Michael raised an eyebrow. "So you're a summoner too?"
"No," she said. "I don't make pacts. I fight the old way. Muscle. Steel. Sigils of the flame not in the soul—etched into the blade. Less elegant. More permanent."
She stood up, shrugged, and stretched her shoulder. "But I know how Soul Threads works." And I can tell yours is raw. Untempered."
He frowned. "Thanks."
She smirked. "It's not an insult. That means you've got potential for growth. And I think I can help."
Michael cast a careful look at her. "Why? You don't even know me."
Kael's smile dropped, more contemplative. She looked over the top of the garden — Anna was back and standing by the entrance, watching them both with quiet interest.
"Because you're with her," said Kael, his voice gentler. "And I've known her for half a day, but there is something about Anna … people don't just follow her. They trust her. Instinctively. Like she has a piece of them they never knew was gone."

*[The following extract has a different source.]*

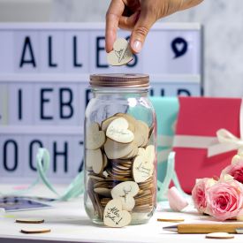 für 14.99€ kaufen ···· Monsterzeug.de - Geschenke & Gadgets Dieses verschließbare Hochzeitsgästebuch - Wunschglas hat einen äußerst herzlichen Inhalt: 100 kleine Holzherzen, die sich mit Glückwünschen beschriften lassen! Ein ideales Präsent zur Hochzeit! ····· 102971248

She made her voice softer as if saying it too loud might spoil something holy. "I don't know what she is at this point. So I know I want to be close to it. So if she's helping you, then I'll help you too."
Michael felt something lift in his chest — not an implosion of relief, not yet trust, but the germ of something.
Anna approached silently, her smile in place. "Well," she said, hands loosely folded in front of her, "are you two done pretending that this isn't the beginning of a long partnership?"
Kael inclined her head slightly in respectful acknowledgment more than she offered anyone else. "You're a different sort, Flameborn."
"I've heard worse," Anna said with a tender smile.